Regulatory policies and guidance
Navigating through FDA requirements and procedures can be complex and confusing. Decisions still need to be made on how to name and label biosimilar products. The good news is that the American Patients First Blueprint has made it a priority to make biosimilars available to patients.
Confusion among patients and providers
Providers and patients are not entirely clear on how biosimilar adoption is actually taking place. And providers may still be unsure how to integrate biosimilars into their clinical practice and how to avoid unclear information on safety and efficacy.
The concept of interchangeability may be the most significant hurdle to overcome. Interchangeability legally allows a pharmacist to substitute a biosimilar for a brand name product. Almost every state has adopted a policy regarding interchangeability, but there is still more work to be done.

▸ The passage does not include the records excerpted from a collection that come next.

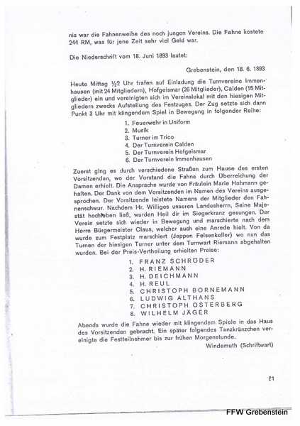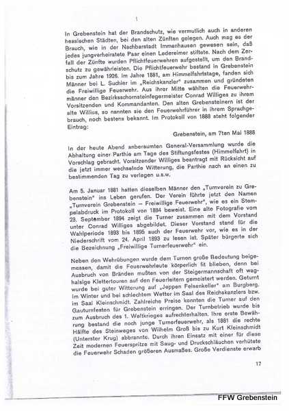 Aus der Geschichte der Freiwilligen Feuerwehr 1881 zu Grebenstein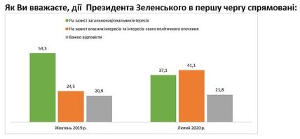 Также в феврале значительно снизилась доля тех, кто считает, что действия Зеленского в первую очередь направлены на защиту общенациональных интересов (37% против 54,5% в сентябре 2019 года), и значительно возросло количество украинцев, которые считают, что действия президента направлены на защиту собственных интересов и интересов своего политического окружения (41% против 24,5% в сентябре).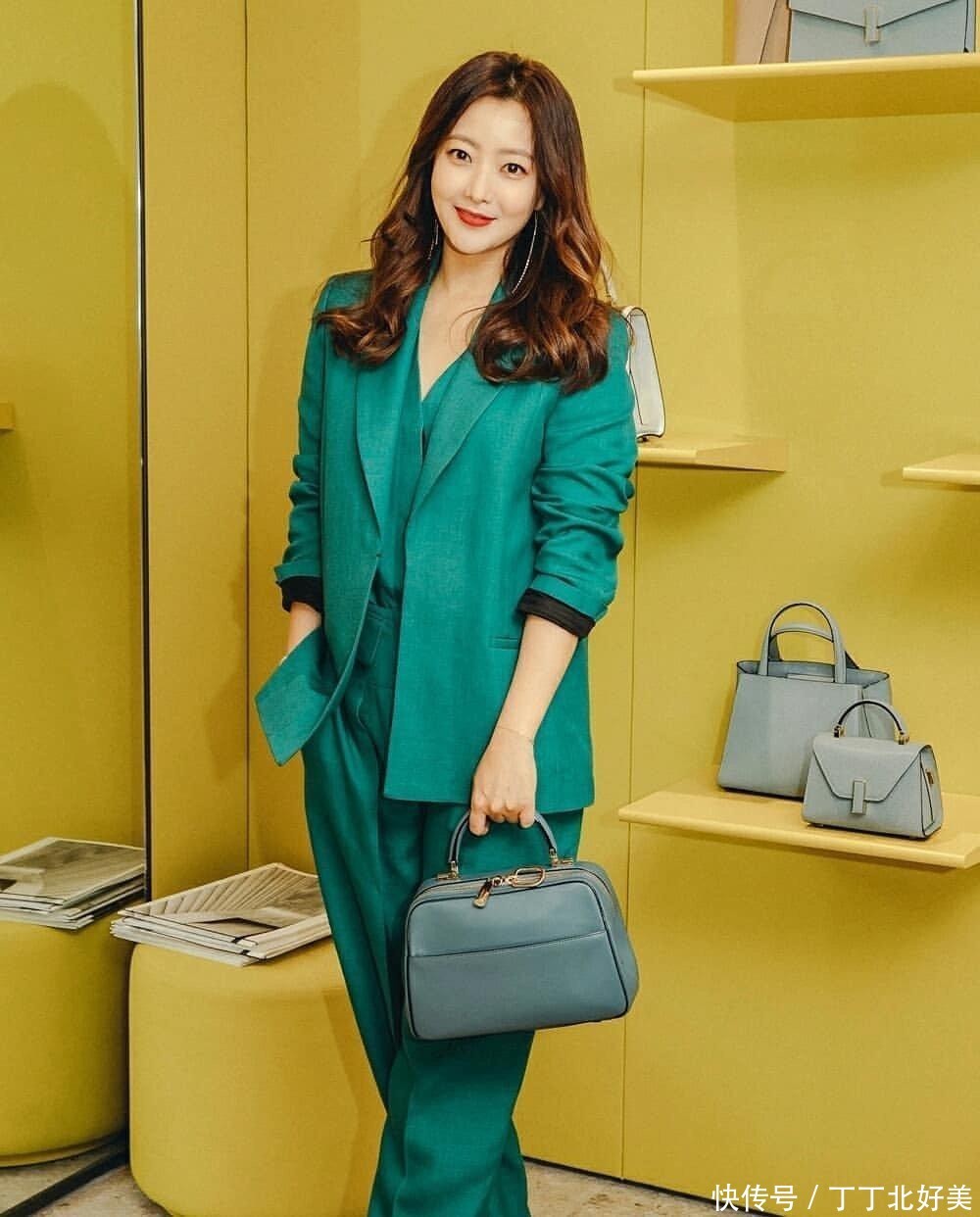 金喜善肤白貌好意思,穿上了这件绿色的西装,呈现出了很酷的气质,而且西装内部也搭配着一样的绿色打底衫,不错和外面的西装方式相匹配,呈现出合资性,这么的绿色显得愈加逸群绝伦,很相宜春天。

Misaligned incentive and fail first strategies
Payor reimbursement models currently focus on the short-term bottom line. However, the adoption of biosimilars will require a long-term perspective.

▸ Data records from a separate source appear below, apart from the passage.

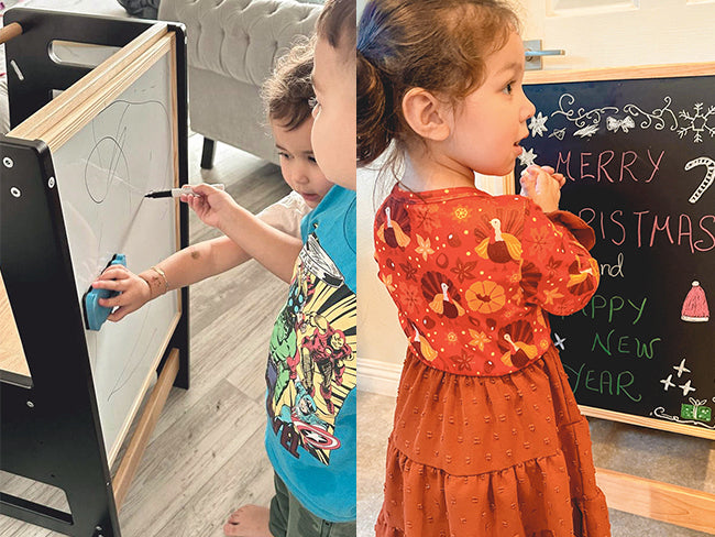 The Nordo Toddler Kitchen Tower feature a functional dual-sided chalkboard, which serves as a Montessori learning helper tower. Children can engage their creativity and develop their imagination by drawing and writing on the chalkboard or whiteboard. It provides a platform for them to explore coloring, play games, and express themselves through writing on this multi-functional message board.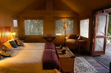 Chiefs Camp Activities Fly-In, Wildlife Game Drives, Safari Walking, Canoeing, Fishing, Photography, Birding, Luxury Tented Camp, Swimming Pool. Chiefs Camp Attractions Chief's Camp lies 19 km from Mombo Camp, an area renowned for its abundance of wildlife - ensuring plenty of excellent game-viewing opportunities. The area is particularly well known for its large concentrations of elephant, hippo, buffalo, lion, leopard, cheetah and Painted Wild Dog, to name but a few. The Chief's Island region is unique in that large numbers of plains-game and predators are found here throughout the year. One of Africa's most untamed and unexplored areas, this seasonal delta undergoes constant change. Lagoons, winding waterways, reedbeds, and mopani and acacia woodlands make up this rich landscape. Chiefs Camp Facilities Chief's Camp will offer the ultimate in lodge luxury, providing all the necessary modern conveniences whilst maintaining an air of subtle and understated elegance. Twelve twin-accommodation units are offered as well as a spacious public and dining area and a swimming pool, all of which have been designed to make the most of the natural landscape. With the expertise of skilled interior designer, Caline Williams-wynn, the décor features earthy tones and natural and textured fibres, resulting in a contemporary African feel. The lodge has been skilfully integrated into the landscape and promises an immersive African experience - so much so that guests can often view game without even leaving camp ! The camp's main lounge area houses a reference library and binoculars are available for guests who may have forgotten theirs. Game-viewing platforms in the camp complete the diverse viewing options.Chief s Camp - Botswana Moremi Accommodation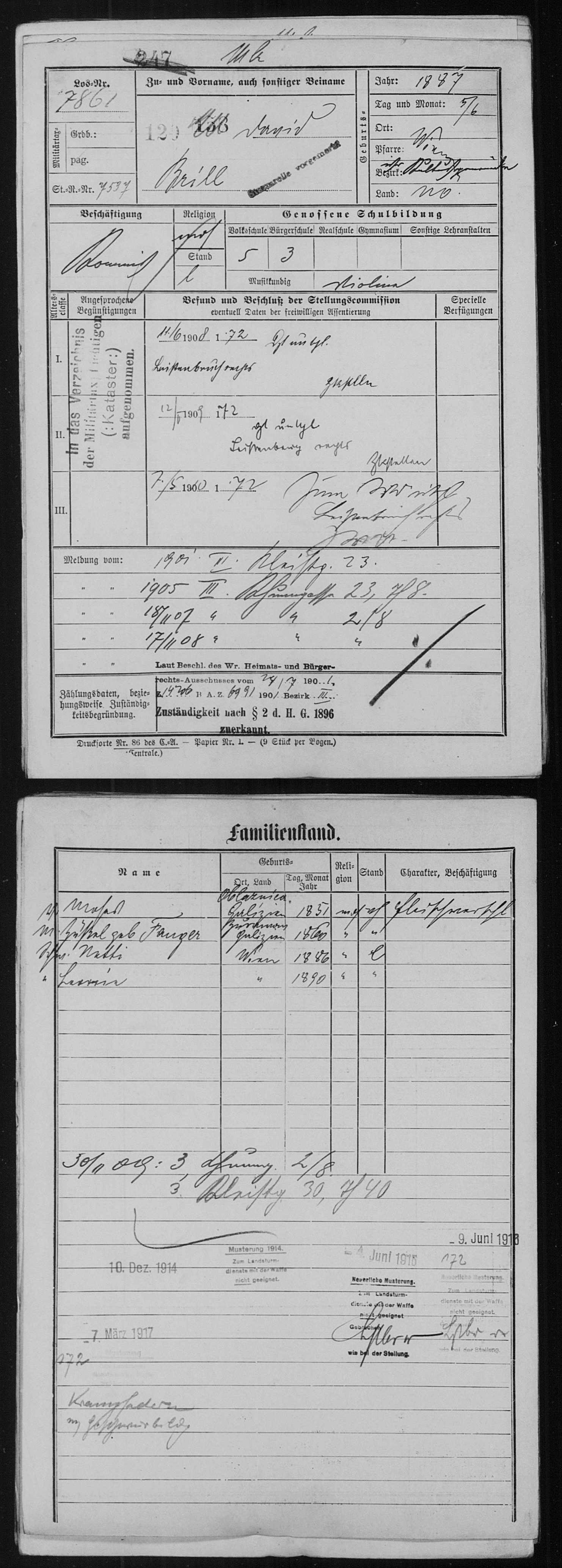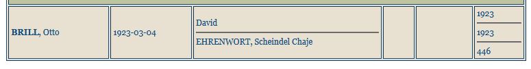 - David Brill wurde am 05.06.1887 in Wien geboren. Er genoss hier acht Jahre Schulbildung (5 Jahre Volksschule, 3 Jahre Bürgerschule) und erlernte das Violinspiel. Laut einer Annonce vom 31.03.1911 (Neues Wiener Tagblatt, Seite 38) suchte er eine Anstellung als Verkäufer uns Arrangeur in der Galanterie-, Lederwaren- und Reiserequisitenbranche. Seit Beendigung des 20. Lebensjahres musste er wiederholt zur Musterung beim Militär, zuletzt in den Kriegsjahren von 1914 bis 1917. Er wurde zu seinem Glück jedoch jedes Mal als untauglich für den Dienst mit der Waffe befunden. Er wohnte frühestens ab 1911 bis 1915 in 1090 Wien, Pramergasse 29. Er heiratete am 02.04.1922 in Wien Scheindel Ehrenwort (*17.11.1896 in Strutyn) und bekam mit ihr am 04.03.1923 einen Sohn namens Otto Brill.

Typically, fail first strategies are required by managed care organizations based on rebates from the brand manufacturers. Fail first strategies involve guidelines, pathways, and algorithms that oblige a patient to take a less expensive but equally effective product first before moving on to a more costly or toxic product with higher potential side effects.
However, based on current contracting and rebate models, a payor may require the patient to use a brand product before a biosimilar, even if the biosimilar may be less expensive to the patient downstream. The existing model may be good for the payer and the manufacturer, but may not be as beneficial in the long-run for the patient.
Therefore, from a system standpoint, an optimal long-term balance will need to be reached among payors, manufacturers, patients, and total healthcare costs in the U.S.
What the Future Holds
With 10 approved biosimilars on the market and many more on the way in the next five years, the future looks bright for biosimilars and the potential cost savings they could provide to the U.S. healthcare system.
The first approved biologic in the country now has about a 50% share of the market. And in 2023, two of the most prominent biologic drugs in the world will see new biosimilar competition moving forward.
Adoption of biosimilars in the U.S. may not be happening as fast as it did in Europe, but by no means should that be cause for alarm. The healthcare industry needs to nurture and create the biosimilar market to pay for future innovation, including even more cures for diseases that may evolve in the next five to 10 years.
One thing seems clear. In Washington, there is total alignment across party lines to approve biosimilars and help providers and patients take advantage of these products when they come to market. And a strong impetus from both the current administration, as well as the department of HHS, has committed to accelerating the adoption and approval of biosimilars.